Susana soltó un suspiro de resignación. Siempre era la misma respuesta, el apabullante sentimiento de derrota al saber que nunca escaparía de su cuerpo. 

Había días en los que se sentía enjaulada, encerrada en un saco de vísceras con alto nivel de mantenimiento, destinada a fallar y desgastarse hasta el día en que ya no pudiera más y se averiara, pudriéndose y siendo desechada como la cáscara de un plátano. Pero Susana no quería esperar hasta la inminente venida de su muerte para confirmar si en realidad era posible sobrepasar los límites de la materia. Ser algo más que solo un cuerpo humano. 

En ocasiones, cuando la carga de la existencia física pesaba mucho, se veía a sí misma llorando, encerrada en el pequeño cuarto de baño, odiando la impresión de las lágrimas al secarse sobre sus mejillas, tan calientes, tan palpables; percibiendo con cada sollozo la presencia de su corazón palpitante; sus pulmones expandiéndose y encogiéndose, los fluidos bajando y constipando su nariz. 

Si pudiera vivir sin depender de un cuerpo, ¿no sería eso maravilloso?

Su solución se manifestó una mañana de esas en las que la niebla cubría las viviendas como un manto fantasmal y el rocío lanzaba destellos desde toda superficie a la intemperie.

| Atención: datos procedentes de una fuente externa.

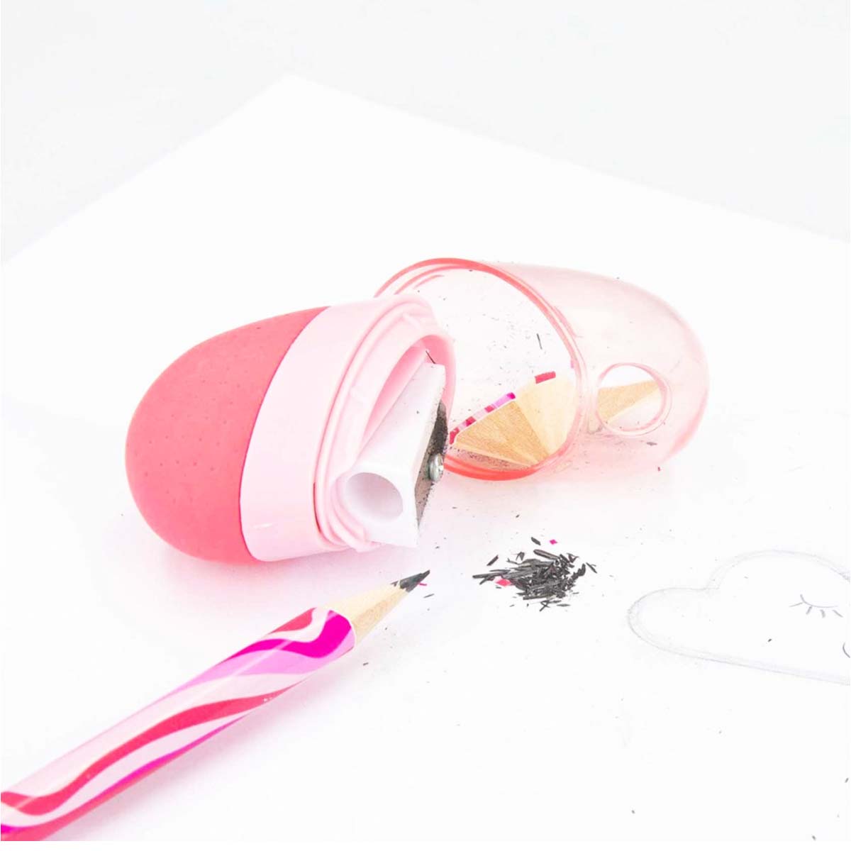 Der Radierer-Anspitzer von TOPModel in Herzform kann mit einer einfachen Drehung in eine längliche Form gebracht werden.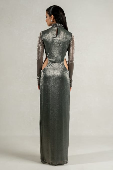 Green Lycra High Neck Metallic Side Moon Cut Gown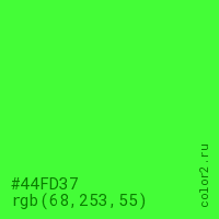 Цвет #44FD37 в цветовой модели RGB обозначается тремя октетами (68, 253, 55) в десятичном формате и #44FD37 в шестнадцатиричном (hex) формате, которые являются интенсивностью красного 68 (hex 44), интенсивность зелёного 253 (hex FD) и интенсивность синего 55 (hex 37).

Susana había salido de casa con un portazo y cargando una enorme bolsa de plástico negra. Había olvidado sacar la basura la noche anterior, por lo que su madre la levantó muy de madrugada para que la recogiera y la dejara en la esquina de la colonia antes de que el camión recolector pasara. “Esta bolsa de basura es como yo”, se decía, balanceando su oloroso cargamento al ritmo de cada uno de sus pasos. “Cuando deje de servir y me arruine, me desecharán, quemarán o enterrarán, y el mundo continuará sin Susana. Y yo me pudriré, dentro de alguna caja, hasta que mis órganos se vuelvan líquidos y mis ojos un festín para los gusanos”. 

En la vecindad había un pequeño parque, un cementerio de juegos oxidados y mesas de piedra despintadas, frecuentado por algunas parejas indiscretas o por jóvenes fumadores. Ahí había un árbol, un cedro blanco de tronco ancho y nudoso con más años que los edificios con los que compartía hábitat. Entre sus raíces, como protegido por un nido de descoloridas serpientes, había un agujero. 

A Susana aquella vista le daba miedo. El árbol se inclinaba hacia adelante, encorvado, con las ramas queriendo abrazar el aire y ocultando del sol la cuna de tierra que se abría paso entre sus pies. El agujero, posible fruto de la erosión y el tiempo, era amplio, tanto que la chica encajaría a la perfección si se recostara como un feto dentro de él. Su padre solía advertirle que no se acercara a aquel lugar, que podía ser peligroso. “Un animal podría morderme o picarme; o podría caerme, lastimarme y ya no sabría cómo salir por mi cuenta”, pensaba ella. “Incluso si abajo no hubiera más que lodo, odiaría la sensación de mi piel ensuciándose”. Así que se mantenía alejada. 

Sin embargo, mientras regresaba a casa, sus ojos se dirigieron involuntariamente al infame hueco del árbol y se encontraron con algo diferente. Y es que, en esta ocasión, el hueco no estaba vacío. 

Adentro había una luz, una partícula flotante no más grande que un maní. Su aspecto recordaba a la de una motita de algodón luminiscente, como una pequeña hada de caricatura. Susana no se consideraba osada, pero una infantil curiosidad la impulsó a acercarse, dando pequeños pasos entre las sinuosas raíces. 

—¿Un hada? —preguntó en voz alta, como esperando a que por arte de magia una respuesta llegara a sus oídos. 

Y en efecto hubo una respuesta, pero no una que pudiera escuchar. Aun así, la comprendió a la perfección. 

No.

La criatura, si es que podía llamársele así, brilló con intensidad, indignada.

—¿Qué eres? —dijo Susana, arrojándose al suelo para observar mejor a su diminuto interlocutor y olvidando el barro bajo sus rodillas y palmas.

No lo sé. No tengo alas, no puedo ser un hada. No tengo pelo, colmillos o escamas como un animal. Tampoco corteza, hojas o pétalos como las plantas.

Aunque la pequeña cosa brillante no era más que eso, una pequeña cosa brillante, Susana creyó distinguir cierta melancolía en sus palabras.

—¿Por qué estás triste? —añadió. 

El resplandor de la criatura pareció volverse más débil. 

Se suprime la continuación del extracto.